(Beginning of Stored data)

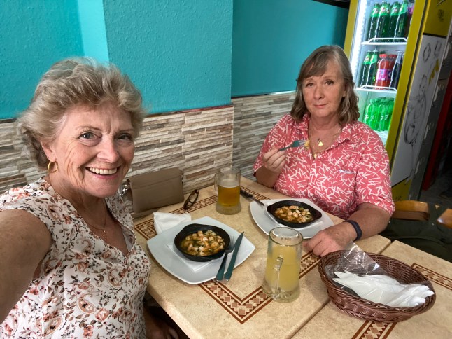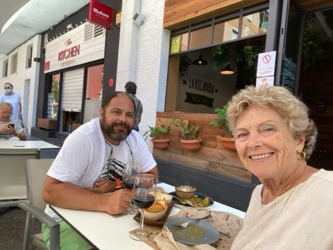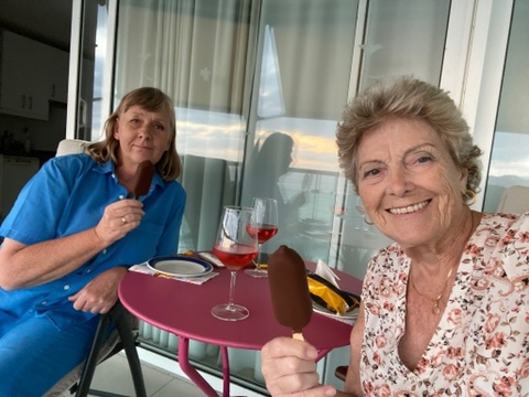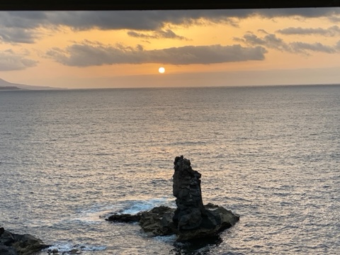 Det har blivit många glas vin på Rias balkong i väntan på en vacker solnedgång. Tyvärr har det alltid kommit moln i vägen. Detta är väl det bästa vi sett, sedan försvann den bakom molnen.
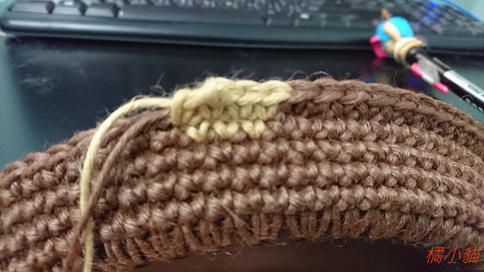 (就是 深色先鉤出一個小圈後 換色鉤另半針)
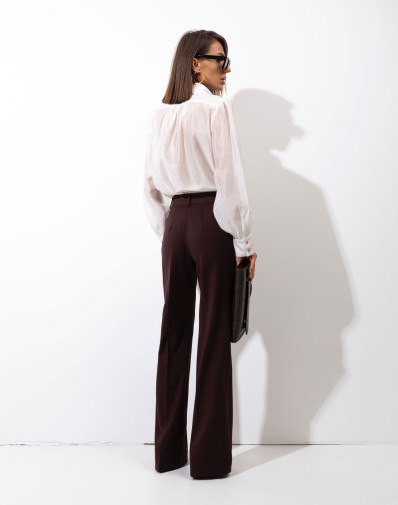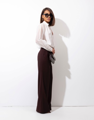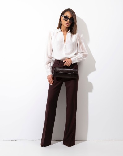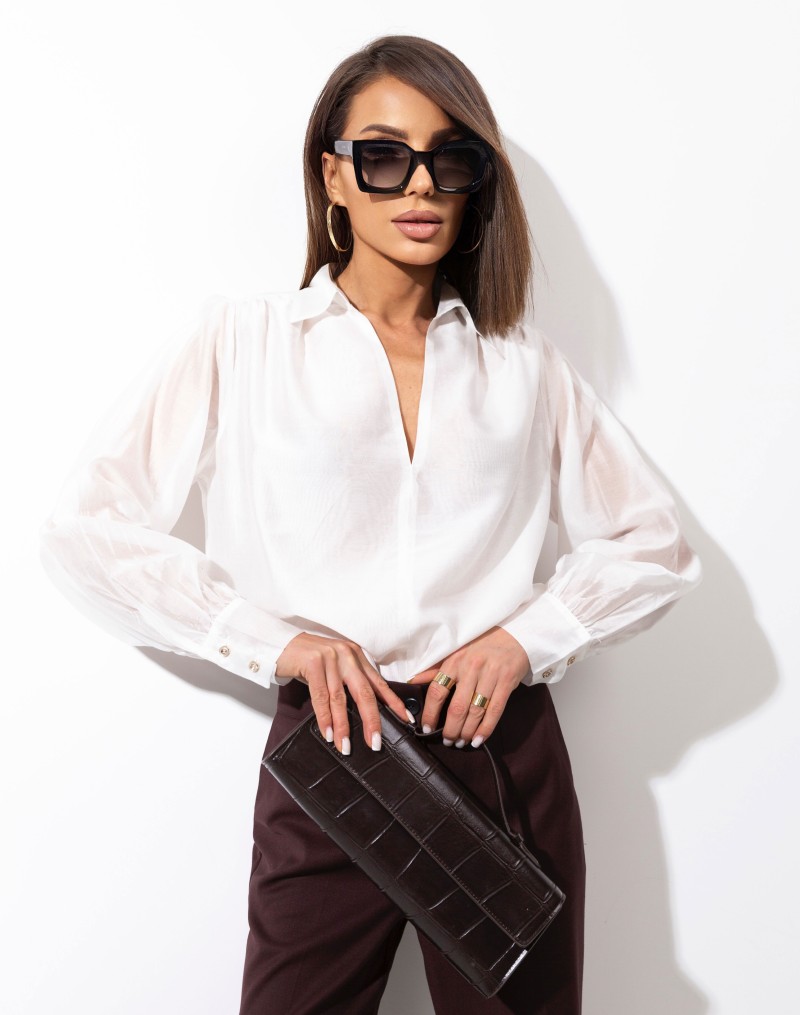 Elegancka bluzka damska w odcieniu delikatnej śmietanki wykonana z lekkiej,miękkiej, bardzo przyjemnej tkaniny .Przód koszuli z podwójnego materiału. Delikatnie bufiaste rękawy.Model z klasycznym kołnierzykiem i delikatnym dekoltem V. . Długie rękawy zakończone elastycznymi mankietami zapinanymi na ozdobne guziki. Idealna do stylizacji biurowych oraz na eleganckie wyjścia.

(End of Stored data)

Task to carry out:
Transcribe the data verbatim. No picture belongs in the result.

Written solution:
 Det har blivit många glas vin på Rias balkong i väntan på en vacker solnedgång. Tyvärr har det alltid kommit moln i vägen. Detta är väl det bästa vi sett, sedan försvann den bakom molnen.
 (就是 深色先鉤出一個小圈後 換色鉤另半針)
 Elegancka bluzka damska w odcieniu delikatnej śmietanki wykonana z lekkiej,miękkiej, bardzo przyjemnej tkaniny .Przód koszuli z podwójnego materiału. Delikatnie bufiaste rękawy.Model z klasycznym kołnierzykiem i delikatnym dekoltem V. . Długie rękawy zakończone elastycznymi mankietami zapinanymi na ozdobne guziki. Idealna do stylizacji biurowych oraz na eleganckie wyjścia.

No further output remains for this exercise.